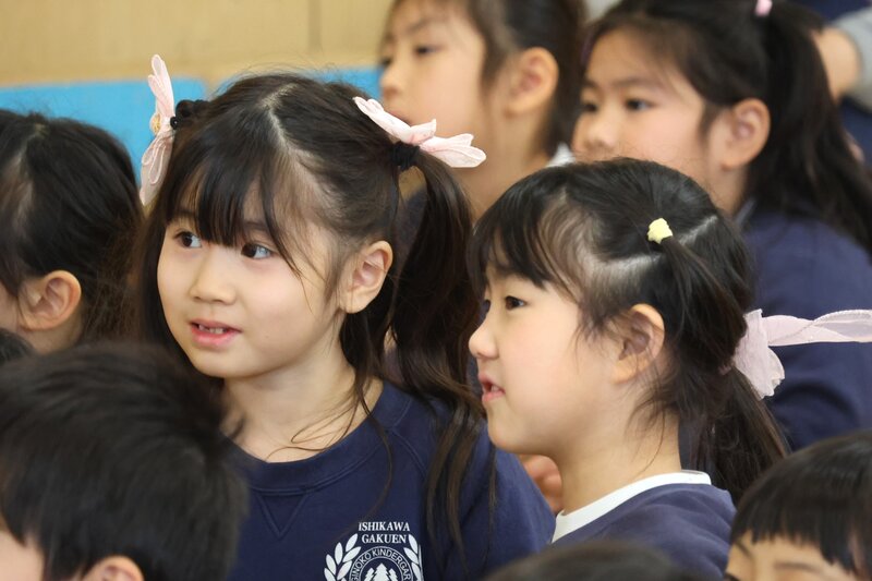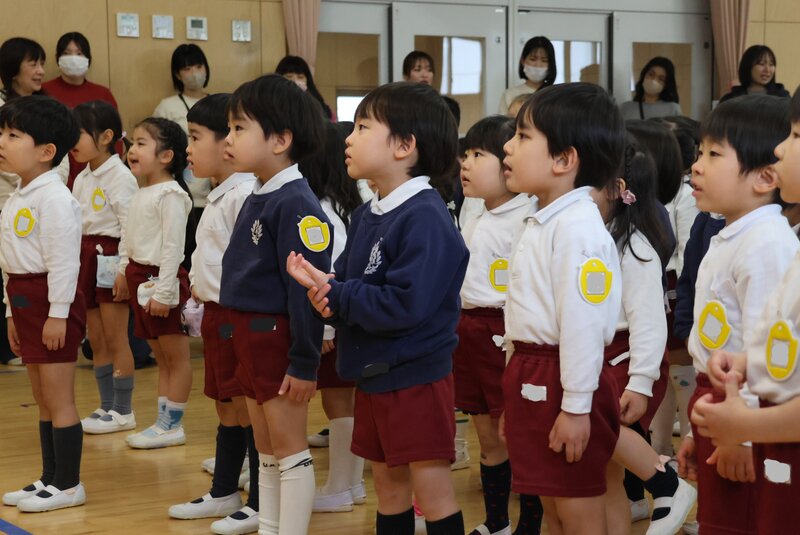 崩れてしまった直後、周りで応援していた女の子が、積み上げた女の子のことを抱きしめていたんです。思わず胸が熱くなる、とてもいい場面でした。「うさぎ組」さんとしての生活も、残りわずか……。年少さんとして過ごした1年間の集大成をみせていただいた気がしました。
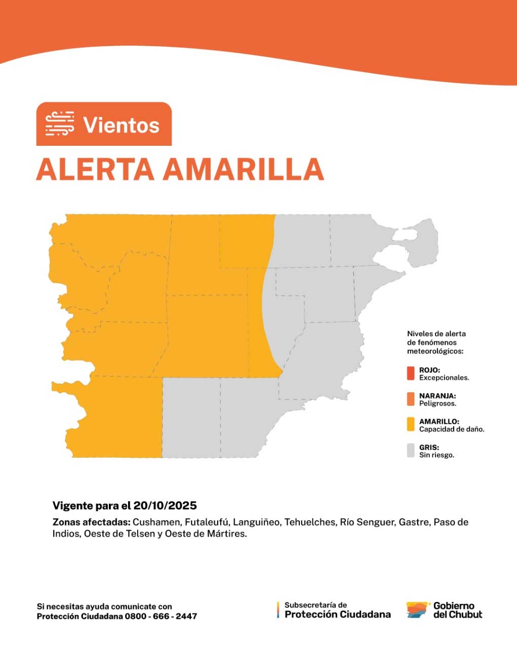 La Subsecretaría de Protección Ciudadana, dependiente del Ministerio de Seguridad y Justicia, informó sobre la zona de cobertura del alerta amarilla por vientos, emitido por el Servicio Meteorológico Nacional prevista para la tarde de este lunes 20 de octubre.
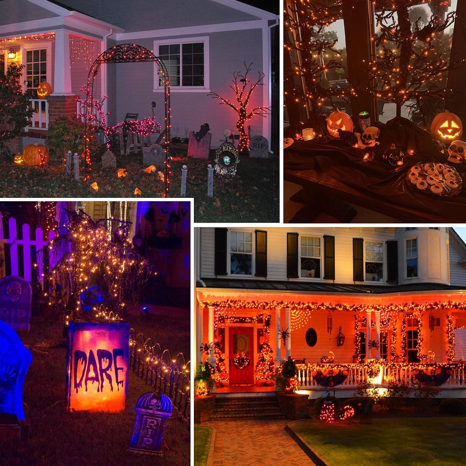 • Halloween Fairy Lights Plug in 66 FT 200 LED: Upgraded brightness 200LED 66ft string lights, orange, IP44 waterproof, UL588 approved, 8 modes, copper wire, with timer function, beautiful twinkle lights for indoor and outdoor use, perfect Halloween decorations, great ideal for party, wedding, birthday, Thanksgiving, Halloween, Christmas, etc.
+ + + + +
▶ **YOUR INSTRUCTIONS**: Give the data back exactly, omitting all pictures.

▶ **OUTPUT**:
 崩れてしまった直後、周りで応援していた女の子が、積み上げた女の子のことを抱きしめていたんです。思わず胸が熱くなる、とてもいい場面でした。「うさぎ組」さんとしての生活も、残りわずか……。年少さんとして過ごした1年間の集大成をみせていただいた気がしました。
 La Subsecretaría de Protección Ciudadana, dependiente del Ministerio de Seguridad y Justicia, informó sobre la zona de cobertura del alerta amarilla por vientos, emitido por el Servicio Meteorológico Nacional prevista para la tarde de este lunes 20 de octubre.
 • Halloween Fairy Lights Plug in 66 FT 200 LED: Upgraded brightness 200LED 66ft string lights, orange, IP44 waterproof, UL588 approved, 8 modes, copper wire, with timer function, beautiful twinkle lights for indoor and outdoor use, perfect Halloween decorations, great ideal for party, wedding, birthday, Thanksgiving, Halloween, Christmas, etc.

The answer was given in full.